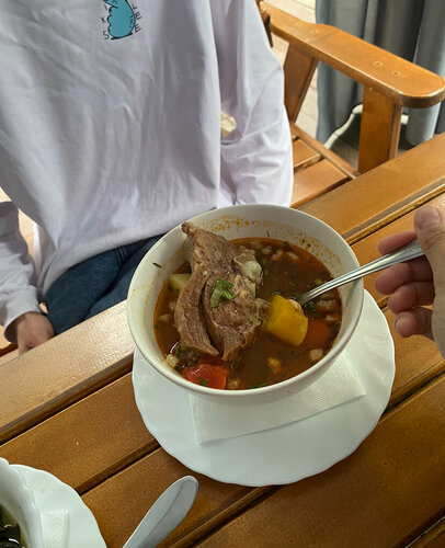 Мы сюда заходим всегда за похмельной шурпой - очень помогает, плюс зацените какой огромный кусок мяса. Другие блюда тоже вкусные, я люблю еще плов тут! А еще здесь милый летник и зеркальный потолок.
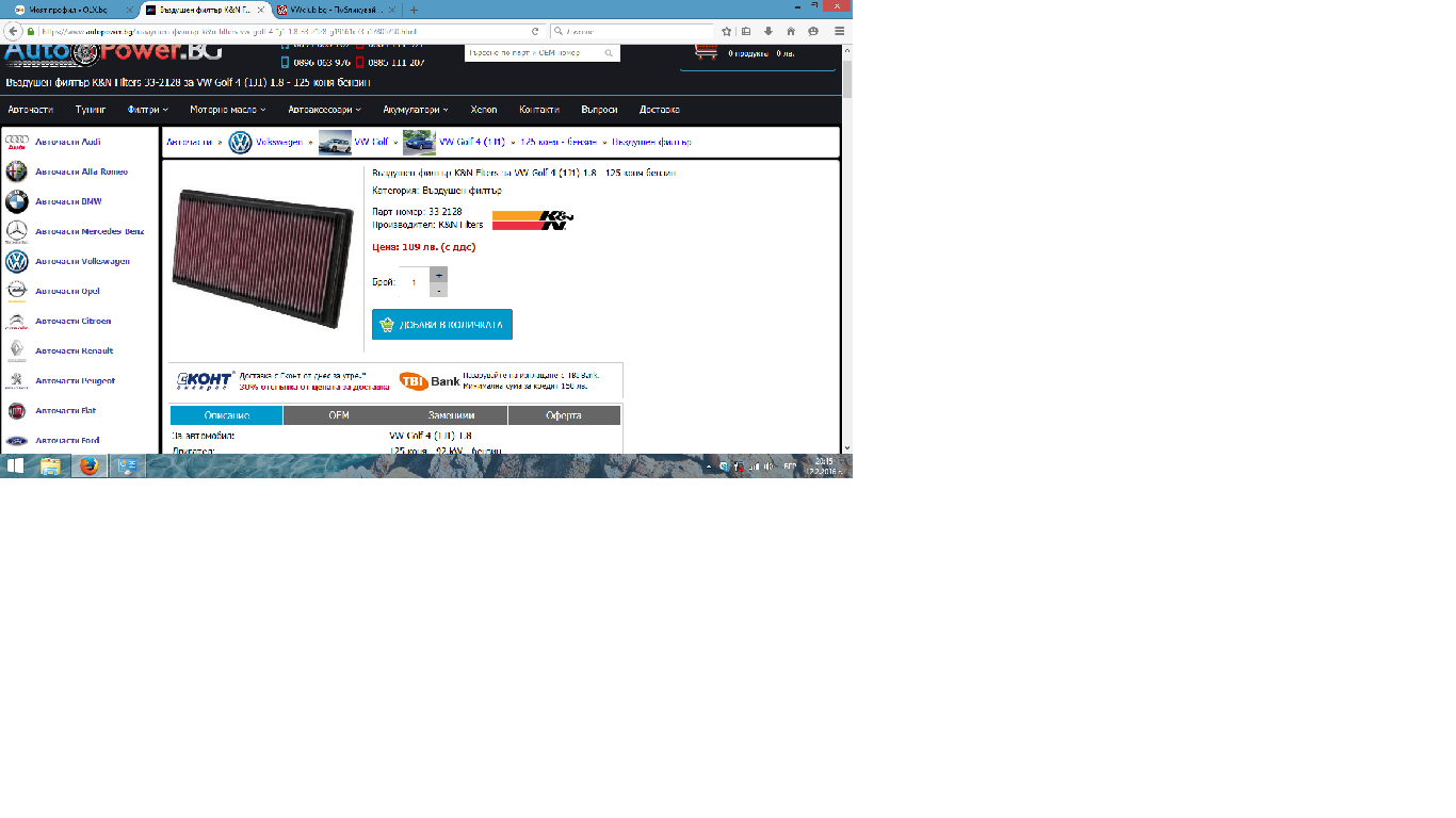 Колеги зарибил съм се да си слагам такъв филтър даже си намерих но вида му ме притеснява малко.той е нов но не е на вид като стандартните филтри и малко ме притеснява да не е менте макар че продавача казва че е K&N.Ето малко снимки да се добие представа.Снимка 1 е панелен филтър който ми излиза масово по саитовете.Снимка 2 е такъв какъвто съм намерил
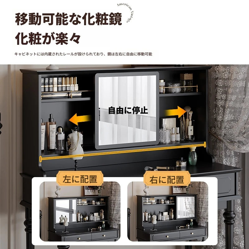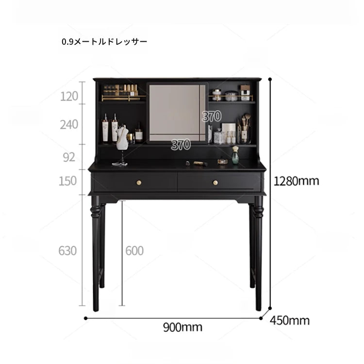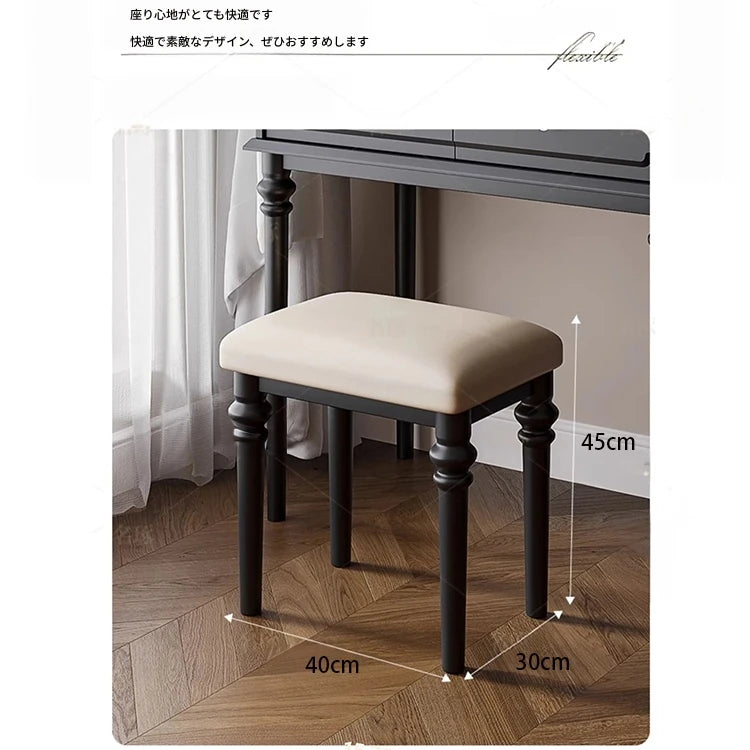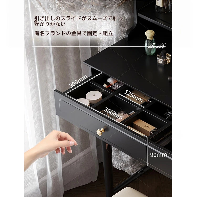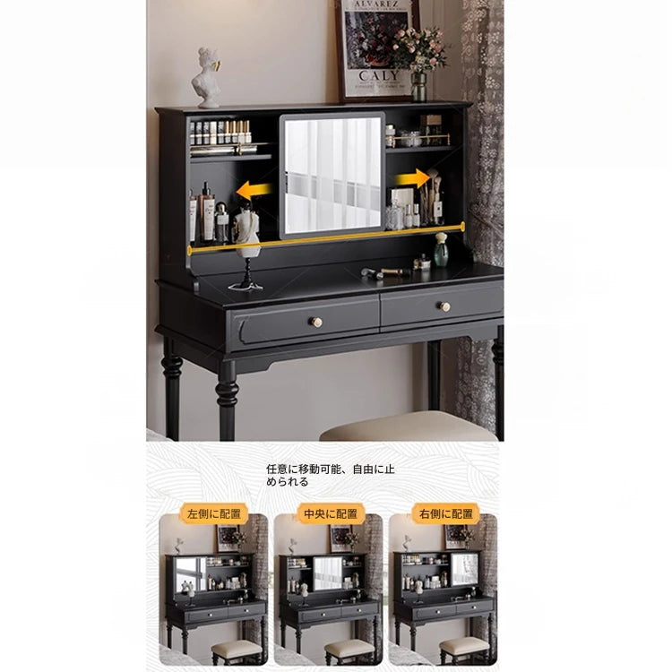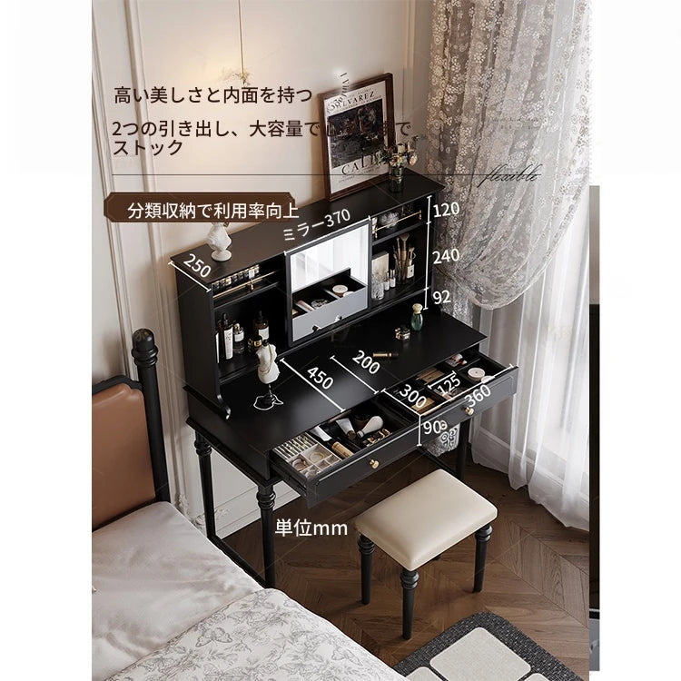 高品質な素材を使用したこの化粧台は、耐久性があり、長くご愛用いただけます。あなたの個性を引き立てる理想的なアイテムです。
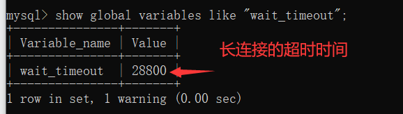 PS:MySQL采用的是长链接。长链接就是时间持续很长的链接,如mysql的链接时间一般是8个小时,即一次链接可以持续8小时,超过时间就会自动断开。
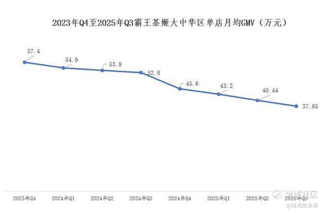 张磊的门店并非个案。据霸王茶姬财报显示,大中华区单店月均GMV从2023年Q4的57.4万元,连续7个季度下滑至2025年Q3的37.85万元。
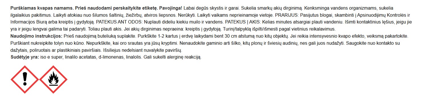 Namams, kuriuose turėtų dominuoti švelnumas ir elegancija. Vos per kelias sekundes pripildysi savo namus išskirtine nuotaika.Puikiai tinka kvėpinti automobilį, spintą, medžiagas, kitus daiktus. Turiu bene aukščiausią grynojo aliejaus koncentraciją tarp panašių produktų. Kvapo buteliuko (200 ml) užtenka 727 papurškimams!
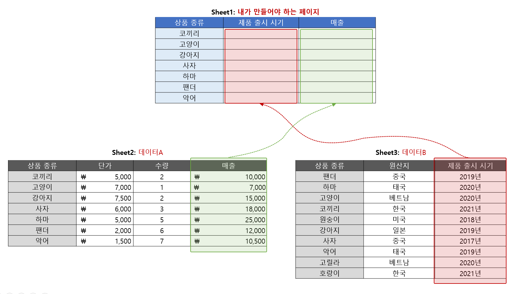 Sheet1은 흩어져 있는 데이터를 모아와서 보여줄 페이지
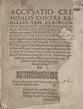 Na stronie tytułowej: "M.D.LXXIX.", tytuł w zdobnej ramce. Marginalia.
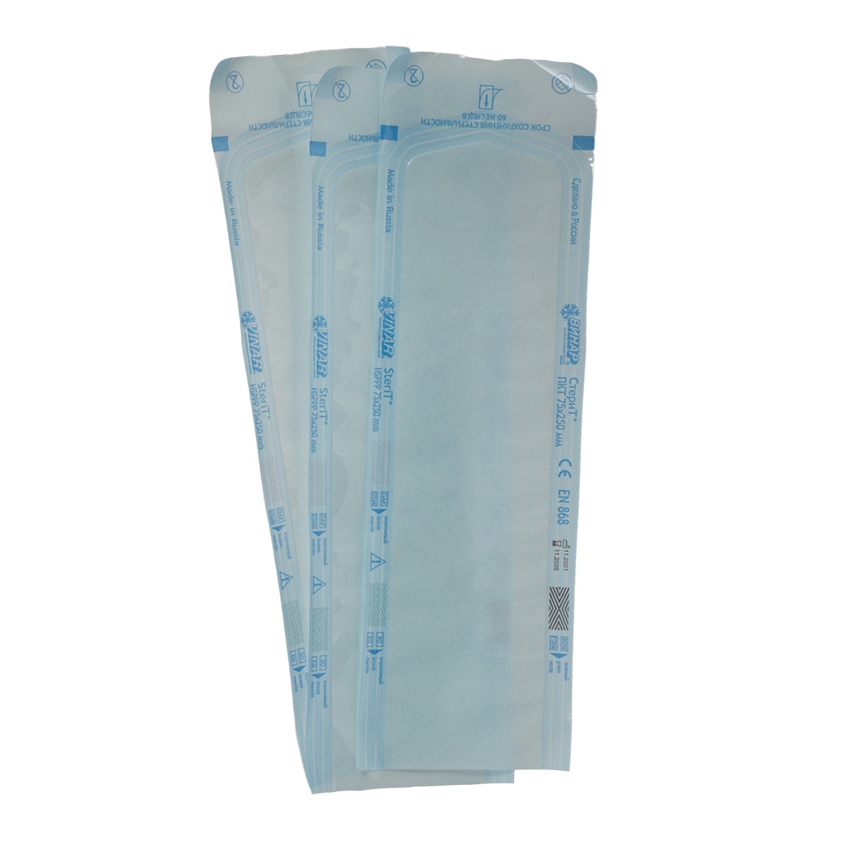 Пакет представляет собой комбинацию белой водоотталкивающей медицинской бумаги проницаемой для соответствующих стерилизующих средств и непроницаемой для
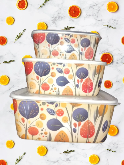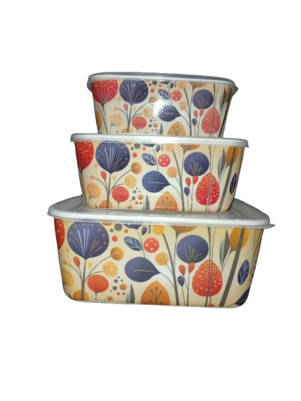The containers feature a modern printed design that looks clean and elegant on kitchen racks or inside the refrigerator. Thanks to the secure & tight-fit lids, your food stays safe from air, moisture, and spills — ideal for storing cooked meals, leftovers, snacks, fruits, or dry items.
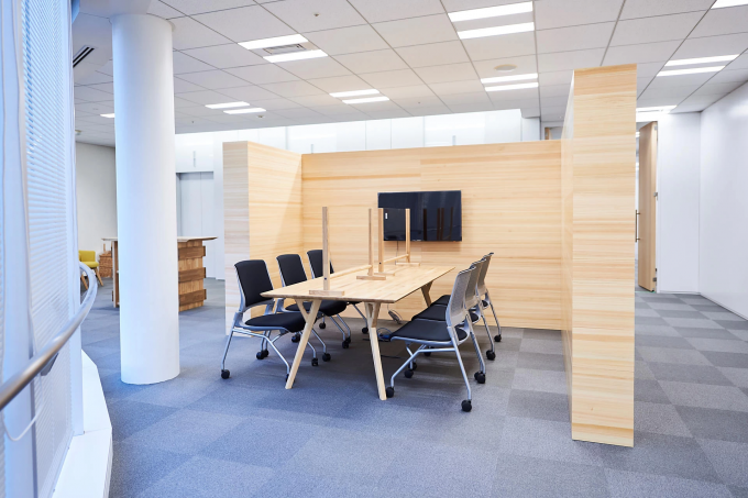 テレワークなどによるワークスペースの多様化に伴い、リラックスして働ける空間作りを目指し、木を生かしたオフィスのトータルプロデュース事業に力を入れています。
....................
### Assignment
The copy should hold exactly the lines from the line containing "The containers feature" through the end of the data, both ends included, and no pictures.

### Answer space
The containers feature a modern printed design that looks clean and elegant on kitchen racks or inside the refrigerator. Thanks to the secure & tight-fit lids, your food stays safe from air, moisture, and spills — ideal for storing cooked meals, leftovers, snacks, fruits, or dry items.
 テレワークなどによるワークスペースの多様化に伴い、リラックスして働ける空間作りを目指し、木を生かしたオフィスのトータルプロデュース事業に力を入れています。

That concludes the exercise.